◆ ACTIVITY
Pictures are to be excluded. Please print only the lines from the one containing "伴随着慷慨激昂的《歌唱祖国》" through the end of the data, exactly as they appear.

◆ COLLECTED MATERIAL
——————
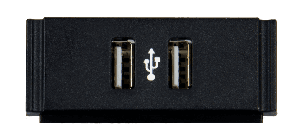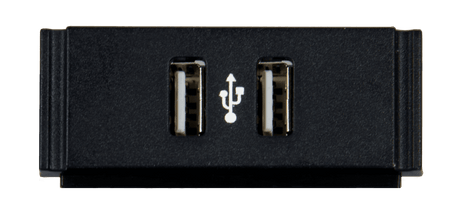 Módulo de conectividad dual para chasis AMX HydraPort. Proporciona dos conexiones USB 2.0. El panel frontal dispone de dos puertos USB Tipo A hembra. El panel trasero está equipado con dos cables USB integrados de 1.83 metros de longitud con terminación en conector USB Tipo A macho. El módulo ocupa 1 unidad de espacio HydraPort y presenta un acabado en color negro con un símbolo USB impreso para su identificación.
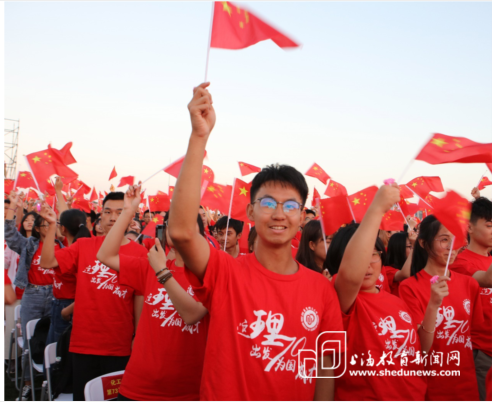 伴随着慷慨激昂的《歌唱祖国》,一面巨幅五星红旗在2019级新生们手中接力传递,传递着对祖国的深情,也传递着爱国奋斗、报效祖国的澎湃激情。
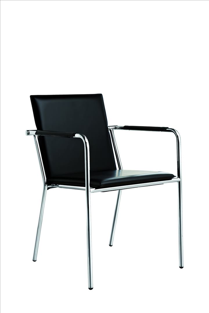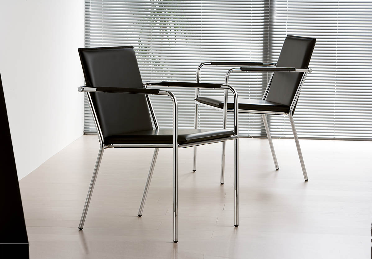 Stackable up to four pieces, chair with armrests and four-leg frame. Shell upholstered in hide, regenerated hide, leather, eco-leather, fabric or custom fabric.
——————
◆ SOLUTION TO THIS EXERCISE
 伴随着慷慨激昂的《歌唱祖国》,一面巨幅五星红旗在2019级新生们手中接力传递,传递着对祖国的深情,也传递着爱国奋斗、报效祖国的澎湃激情。
 Stackable up to four pieces, chair with armrests and four-leg frame. Shell upholstered in hide, regenerated hide, leather, eco-leather, fabric or custom fabric.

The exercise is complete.